***** Entries supplied

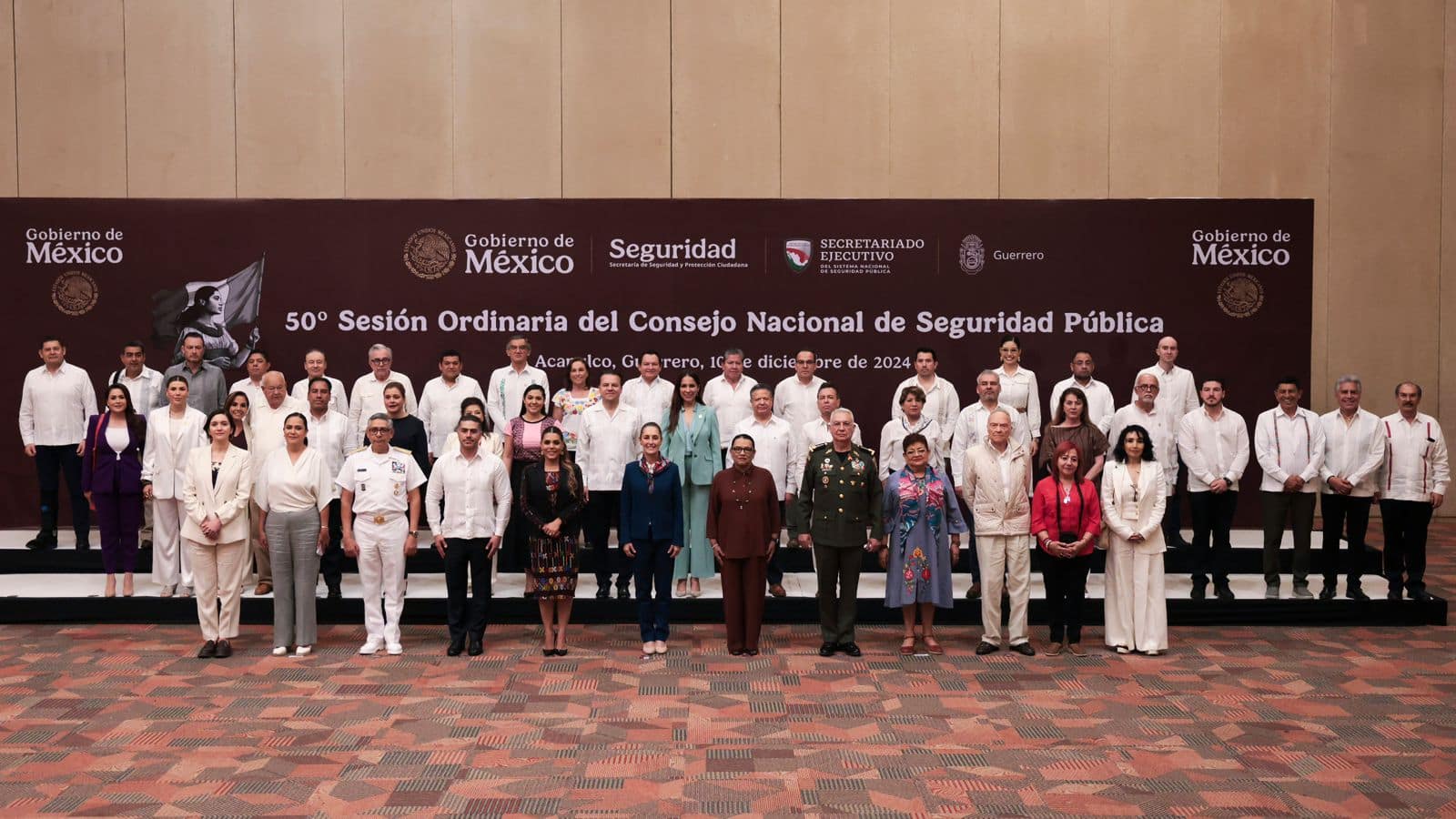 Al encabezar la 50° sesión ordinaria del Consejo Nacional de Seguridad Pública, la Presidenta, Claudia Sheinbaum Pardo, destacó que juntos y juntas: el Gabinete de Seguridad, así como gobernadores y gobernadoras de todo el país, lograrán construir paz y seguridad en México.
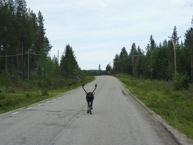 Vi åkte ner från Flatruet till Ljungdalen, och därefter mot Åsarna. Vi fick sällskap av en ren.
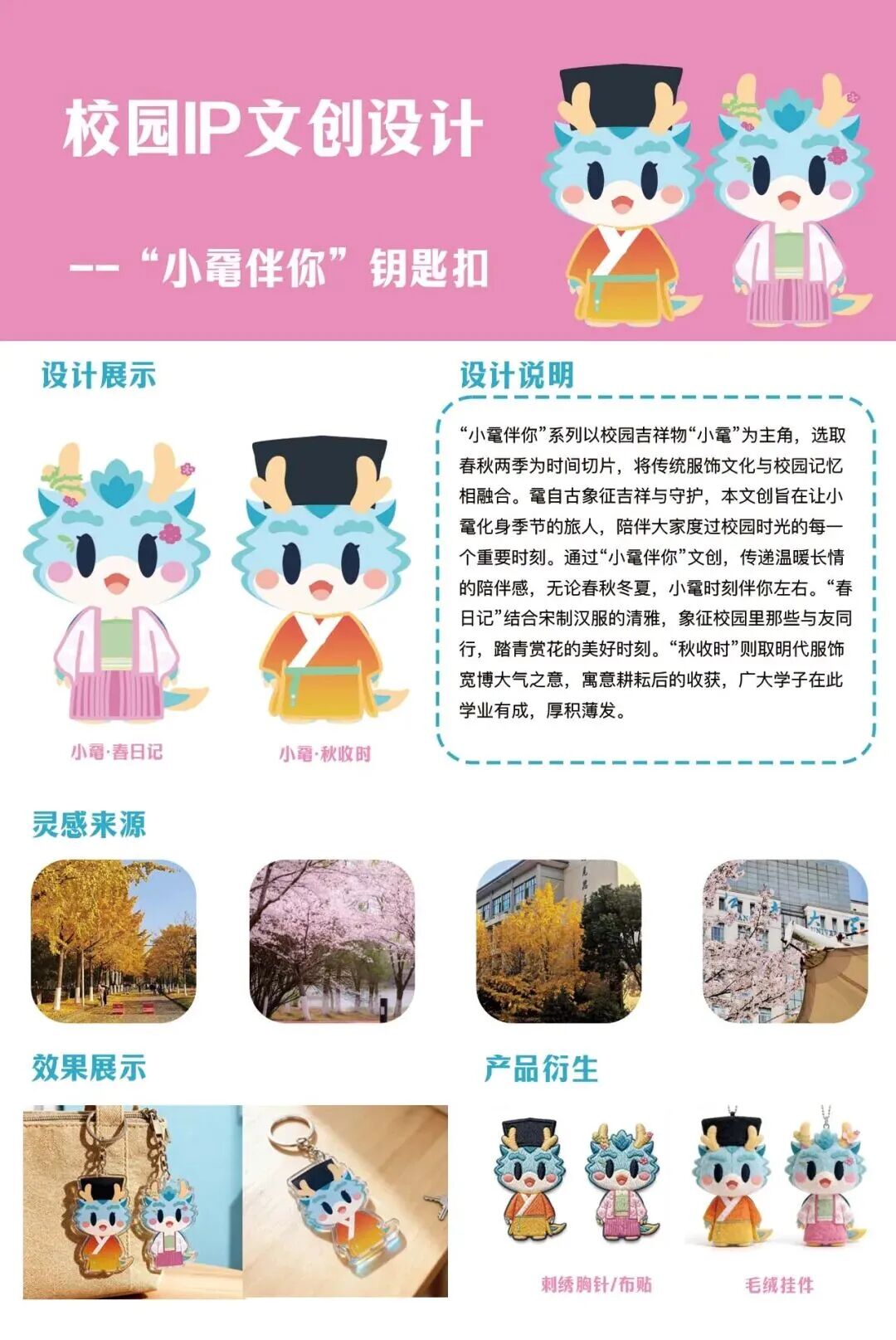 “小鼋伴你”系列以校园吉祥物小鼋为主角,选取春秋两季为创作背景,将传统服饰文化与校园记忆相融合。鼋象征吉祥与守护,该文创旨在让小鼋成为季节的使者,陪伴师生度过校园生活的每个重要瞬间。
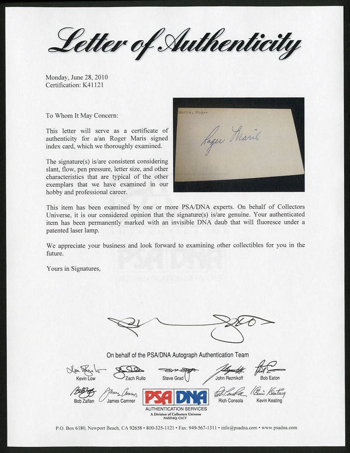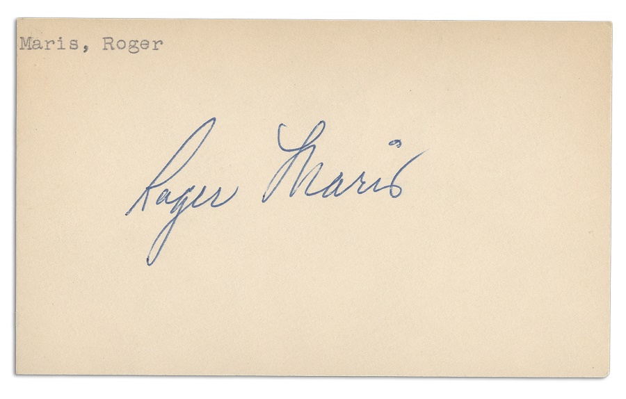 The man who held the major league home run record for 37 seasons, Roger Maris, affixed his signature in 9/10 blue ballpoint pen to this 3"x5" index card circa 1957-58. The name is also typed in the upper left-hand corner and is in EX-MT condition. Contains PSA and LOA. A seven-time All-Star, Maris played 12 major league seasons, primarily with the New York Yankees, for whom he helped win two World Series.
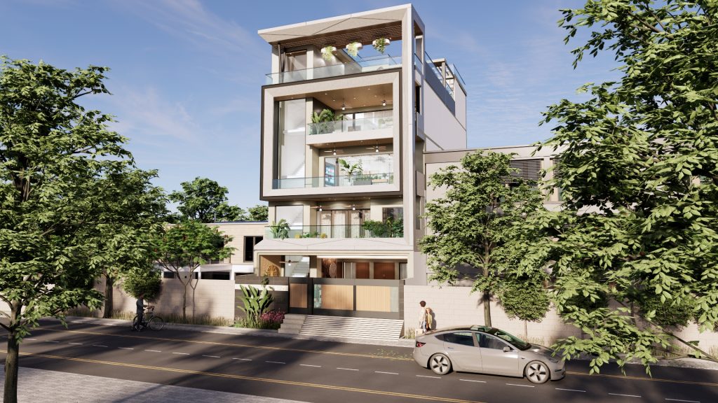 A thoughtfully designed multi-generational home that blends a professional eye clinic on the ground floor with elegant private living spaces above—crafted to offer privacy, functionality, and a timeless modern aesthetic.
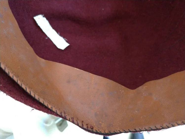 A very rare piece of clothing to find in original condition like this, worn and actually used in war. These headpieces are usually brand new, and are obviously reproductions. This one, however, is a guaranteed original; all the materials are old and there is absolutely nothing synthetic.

**********

[To do] Exact copy, pictures excluded: every line above from the one containing "The man who" to the one containing "A thoughtfully designed", inclusive, and nothing more.

[Result of the exercise]
 The man who held the major league home run record for 37 seasons, Roger Maris, affixed his signature in 9/10 blue ballpoint pen to this 3"x5" index card circa 1957-58. The name is also typed in the upper left-hand corner and is in EX-MT condition. Contains PSA and LOA. A seven-time All-Star, Maris played 12 major league seasons, primarily with the New York Yankees, for whom he helped win two World Series.
 A thoughtfully designed multi-generational home that blends a professional eye clinic on the ground floor with elegant private living spaces above—crafted to offer privacy, functionality, and a timeless modern aesthetic.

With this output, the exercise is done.